## The problem
The reply should consist solely of the lines from the one with "This carved bear" through the final line of the listing, copied exactly, with no pictures.

## Data shown
_ _ _

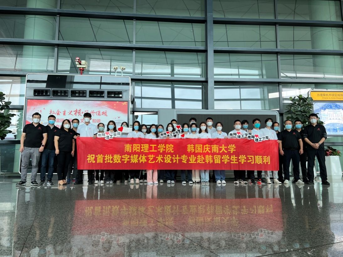 在新郑国际机场欢送“南阳理工学院与韩国庆南大学合作举办数字媒体艺术设计专业中外合作办学项目”首批毕业生赴韩国学习
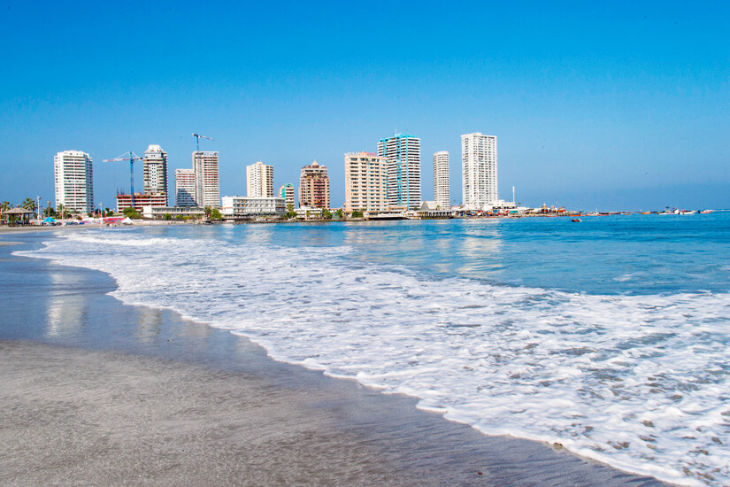 Dieser lebhafte Strand erinnert an die traumhaften Küstenabschnitte in Miami, eingebettet zwischen moderner Stadtarchitektur, der atemberaubenden Küstenlinie und ausgedehnten Wandergebieten. Das Ufer an der malerischen Küste der Hafenstadt Iquique ist mit exotischen Palmen und türkisblauem Meer ein Paradies für Erholungssuchende und Sportbegeisterte. Der riesige Sandstrand ist zweifellos die Hauptattraktion der Stadt. Ihr genießt das Wasser des Pazifischen Ozeans oder entspannt in der Sonne während ihr das bunte Treiben und die sanften Wellen beobachtet. Für den perfekten Komfort bieten Mietgeschäfte Sonnenschirme und Liegen sowie sanitäre Anlagen an.
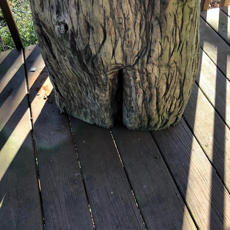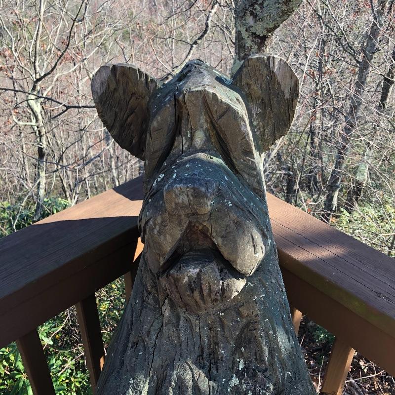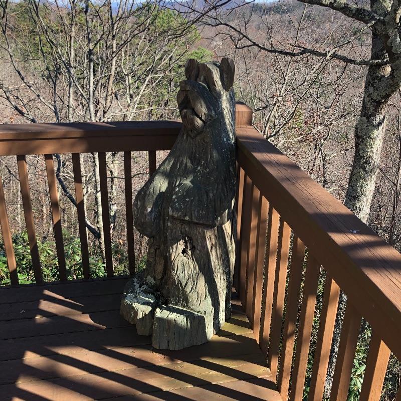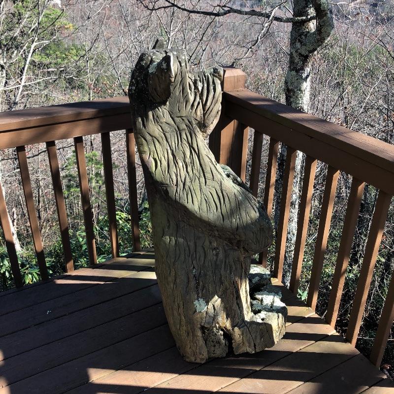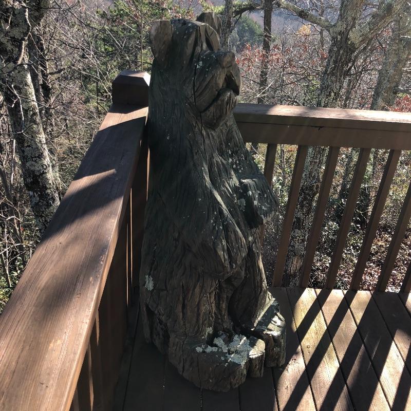 This carved bear will look great on your deck or porch. Bear has lichen in a few spots, see pictures. Bear appears to be carved with a chainsaw. Bear measures 20” x 22” x 50.5”. Bring help item is substantial
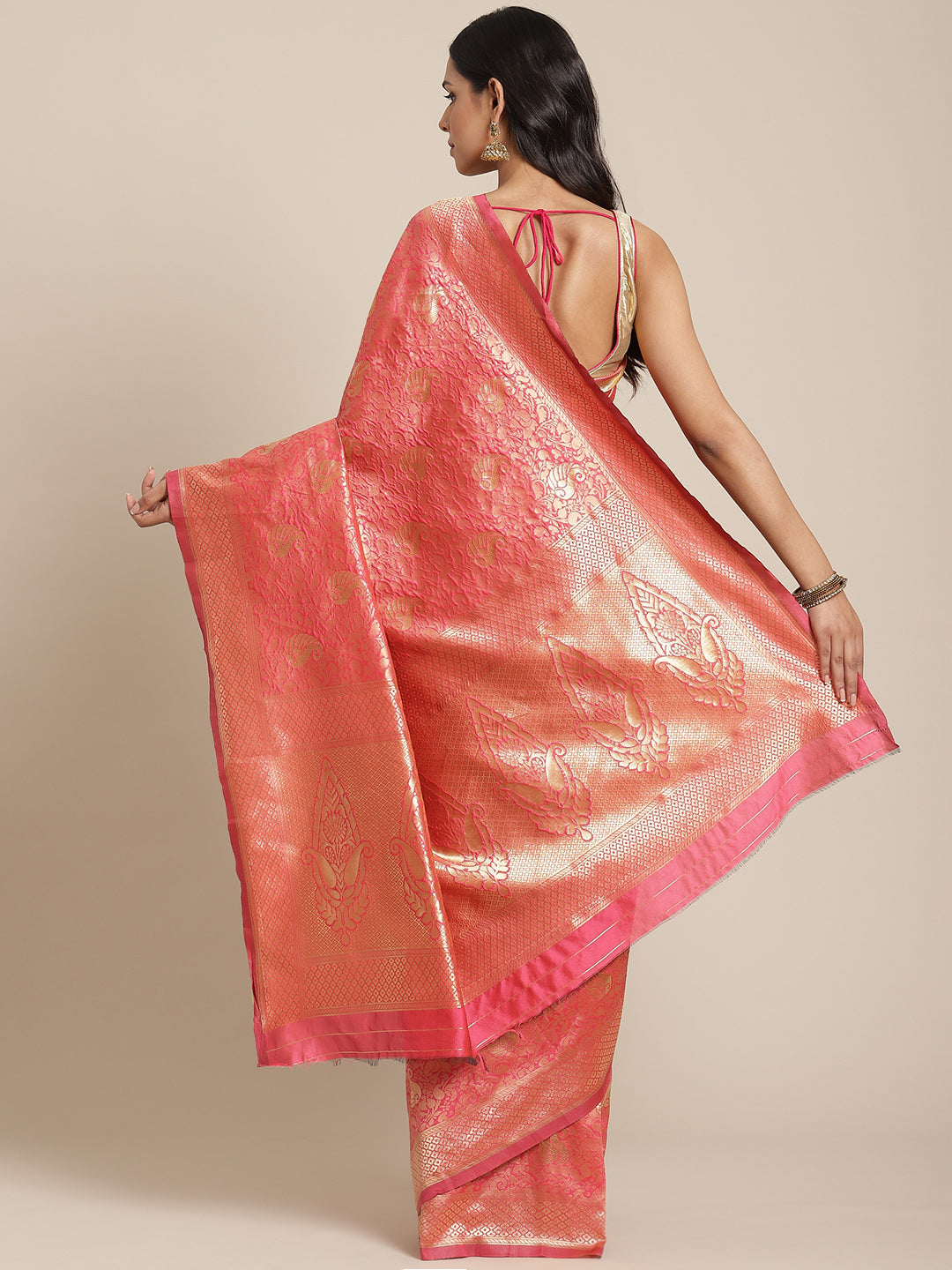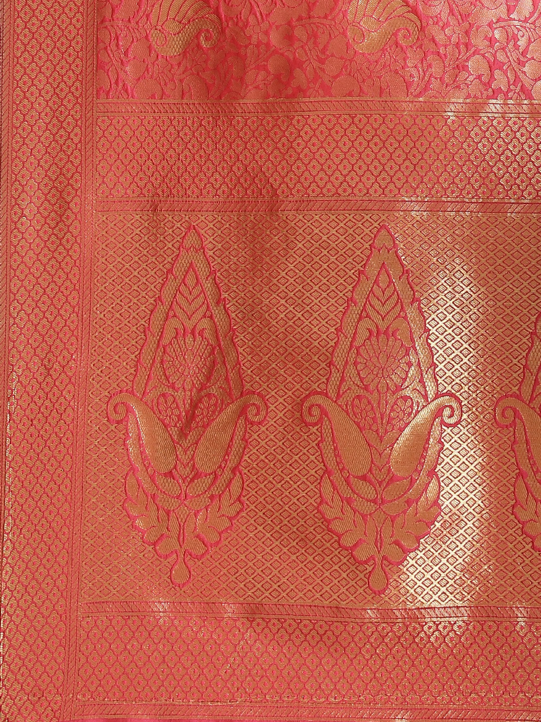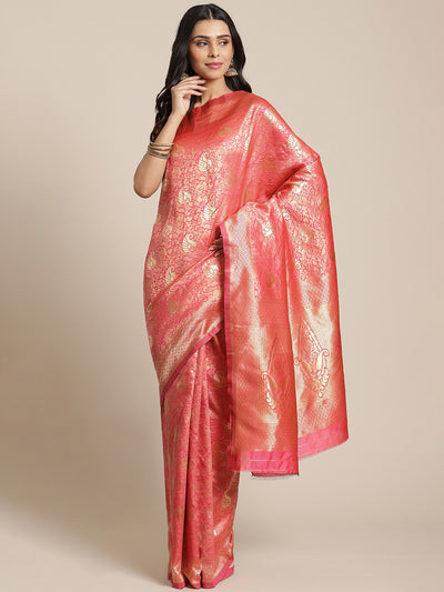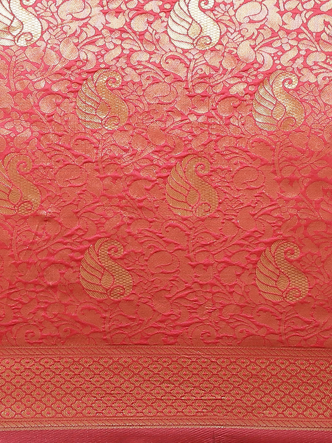 Banarasi Handloom Silk Saree with Gold Oxidised Zari Woven Paisleys in a rich jaal

_ _ _

## Your response
 This carved bear will look great on your deck or porch. Bear has lichen in a few spots, see pictures. Bear appears to be carved with a chainsaw. Bear measures 20” x 22” x 50.5”. Bring help item is substantial
 Banarasi Handloom Silk Saree with Gold Oxidised Zari Woven Paisleys in a rich jaal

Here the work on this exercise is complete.